##### Extracted data #####

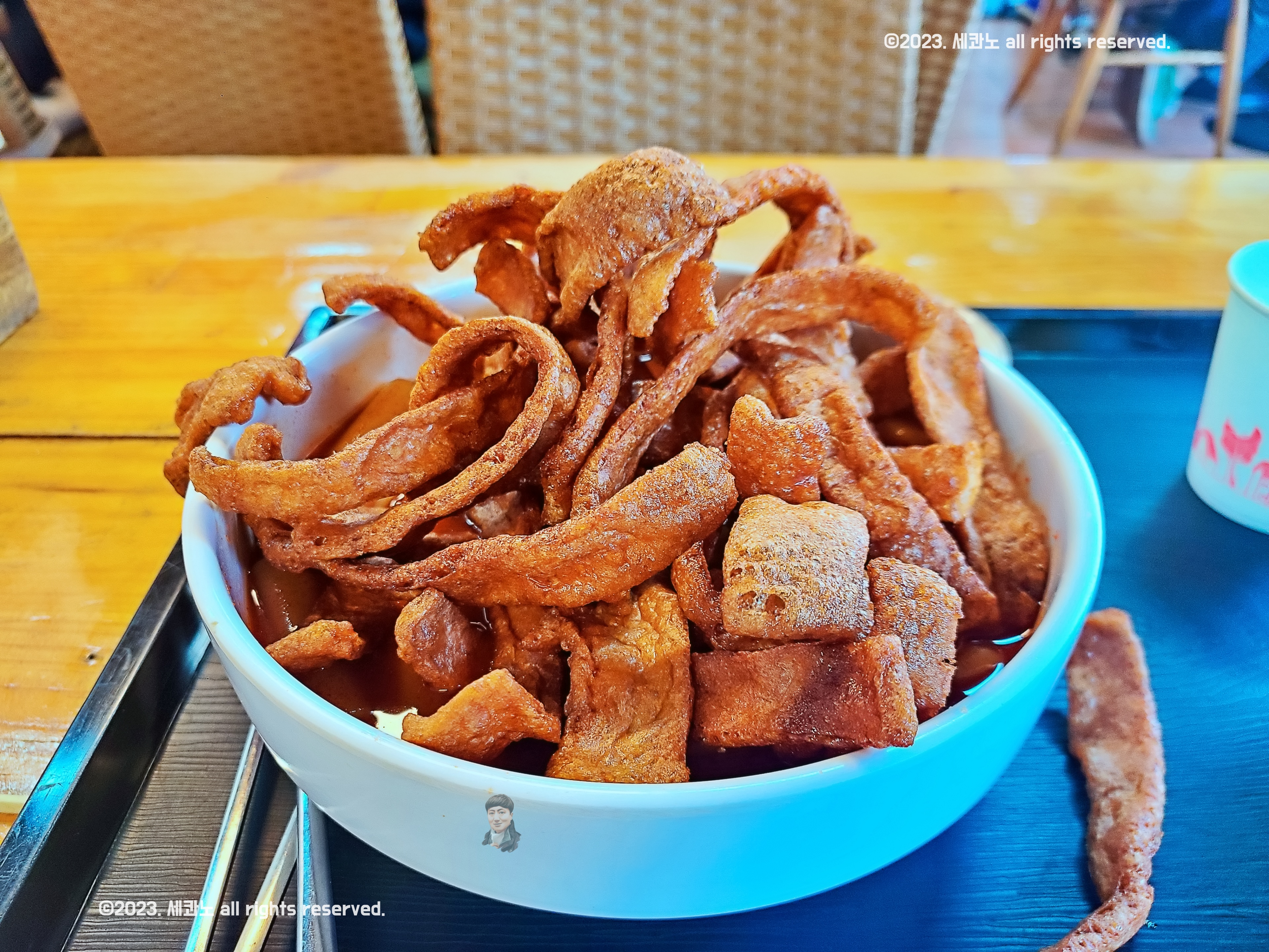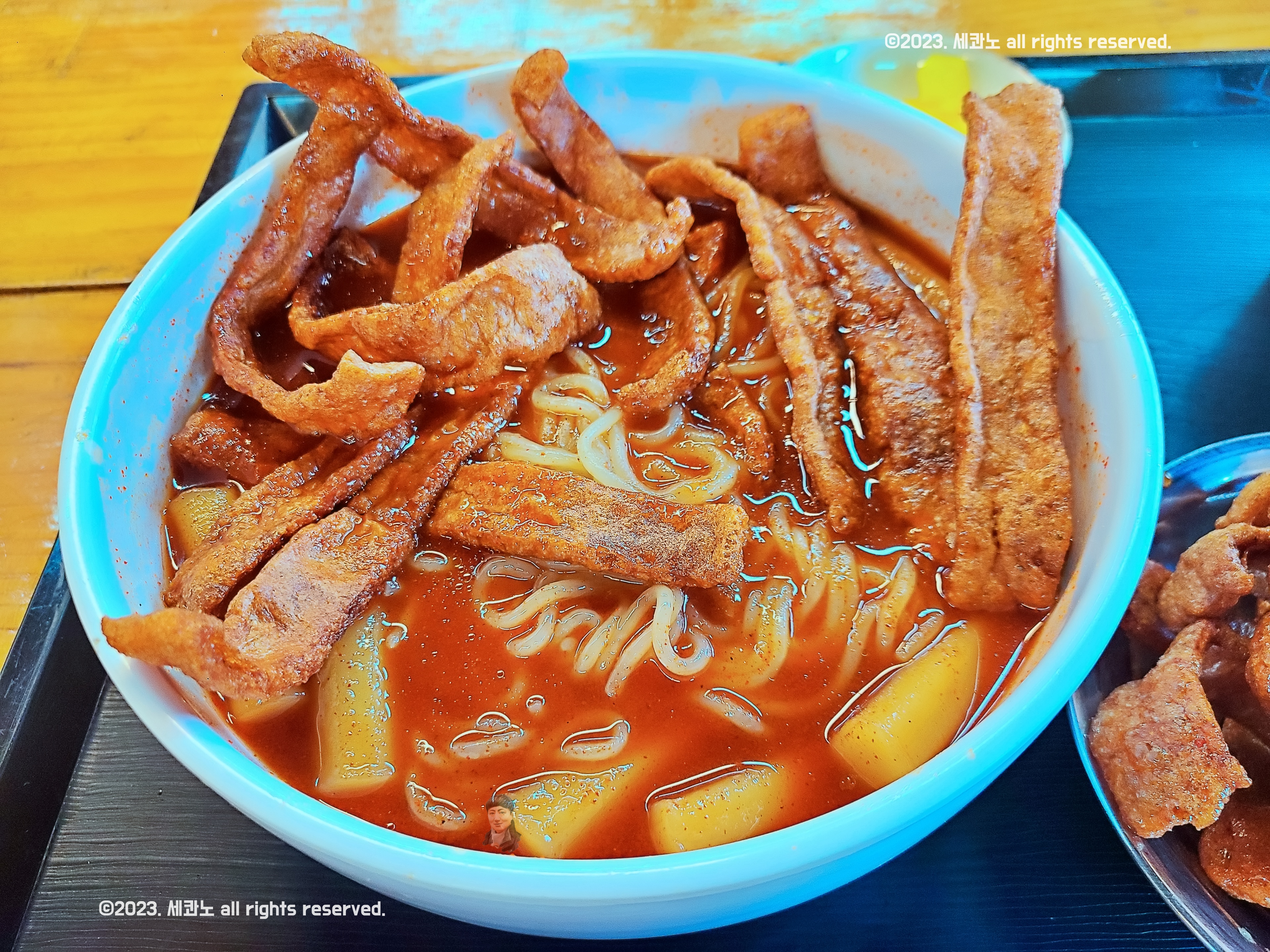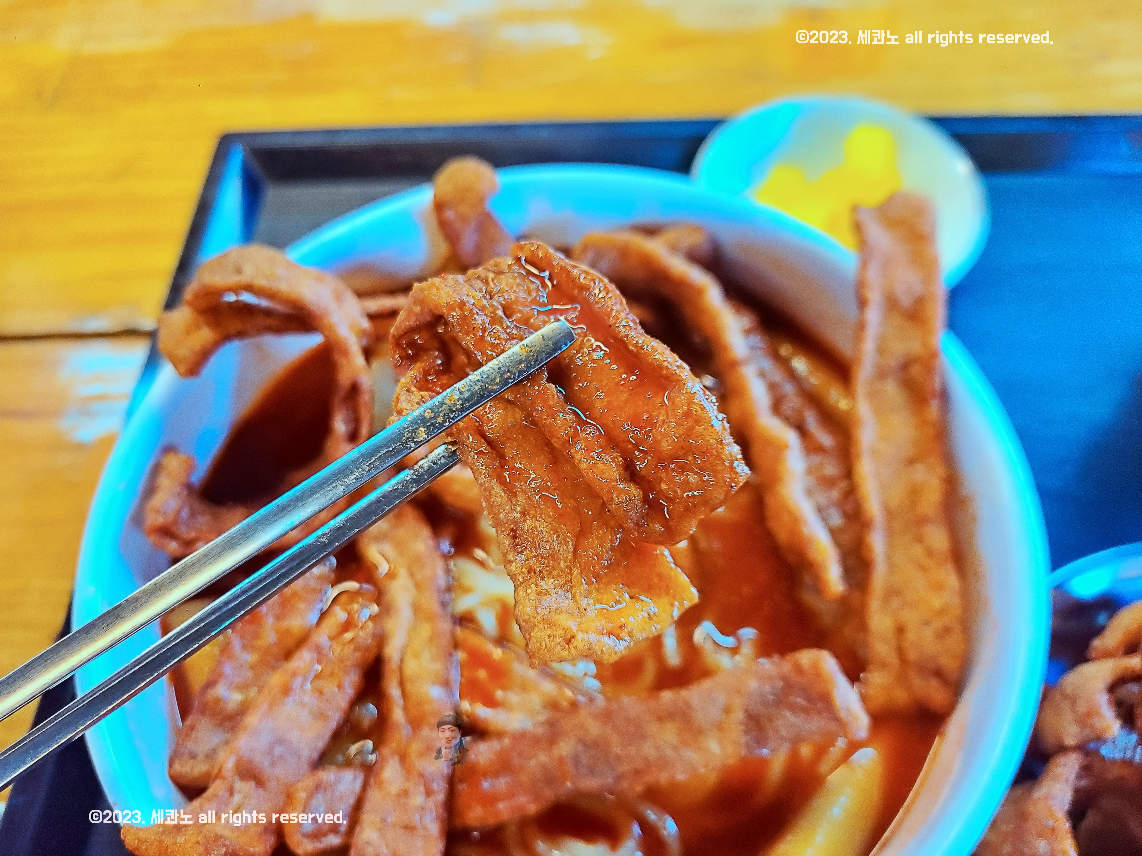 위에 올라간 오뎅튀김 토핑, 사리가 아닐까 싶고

#####
##### Extracted data #####

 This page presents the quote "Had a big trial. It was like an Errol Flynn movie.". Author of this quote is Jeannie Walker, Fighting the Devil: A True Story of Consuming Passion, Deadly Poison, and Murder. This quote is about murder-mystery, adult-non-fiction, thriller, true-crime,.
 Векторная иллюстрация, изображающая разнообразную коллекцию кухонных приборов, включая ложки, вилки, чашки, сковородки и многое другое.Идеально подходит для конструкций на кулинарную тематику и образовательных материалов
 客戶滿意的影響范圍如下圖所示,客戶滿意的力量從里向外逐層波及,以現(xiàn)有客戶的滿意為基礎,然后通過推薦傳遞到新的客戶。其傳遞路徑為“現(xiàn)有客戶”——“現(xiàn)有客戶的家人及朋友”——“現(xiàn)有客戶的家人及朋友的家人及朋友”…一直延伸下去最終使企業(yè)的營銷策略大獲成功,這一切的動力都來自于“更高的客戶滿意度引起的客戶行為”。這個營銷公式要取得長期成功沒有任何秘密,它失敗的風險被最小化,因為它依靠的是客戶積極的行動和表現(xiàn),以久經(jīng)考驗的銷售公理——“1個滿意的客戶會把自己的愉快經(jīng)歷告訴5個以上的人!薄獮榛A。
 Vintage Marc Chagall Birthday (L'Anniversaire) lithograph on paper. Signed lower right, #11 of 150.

#####

What the task requires: Starting at the line with "This page presents" and ending at the line with "客戶滿意的影響范圍如下圖所示", print each line of the listing above exactly, with no other lines.

Reply to the exercise:
 This page presents the quote "Had a big trial. It was like an Errol Flynn movie.". Author of this quote is Jeannie Walker, Fighting the Devil: A True Story of Consuming Passion, Deadly Poison, and Murder. This quote is about murder-mystery, adult-non-fiction, thriller, true-crime,.
 Векторная иллюстрация, изображающая разнообразную коллекцию кухонных приборов, включая ложки, вилки, чашки, сковородки и многое другое.Идеально подходит для конструкций на кулинарную тематику и образовательных материалов
 客戶滿意的影響范圍如下圖所示,客戶滿意的力量從里向外逐層波及,以現(xiàn)有客戶的滿意為基礎,然后通過推薦傳遞到新的客戶。其傳遞路徑為“現(xiàn)有客戶”——“現(xiàn)有客戶的家人及朋友”——“現(xiàn)有客戶的家人及朋友的家人及朋友”…一直延伸下去最終使企業(yè)的營銷策略大獲成功,這一切的動力都來自于“更高的客戶滿意度引起的客戶行為”。這個營銷公式要取得長期成功沒有任何秘密,它失敗的風險被最小化,因為它依靠的是客戶積極的行動和表現(xiàn),以久經(jīng)考驗的銷售公理——“1個滿意的客戶會把自己的愉快經(jīng)歷告訴5個以上的人!薄獮榛A。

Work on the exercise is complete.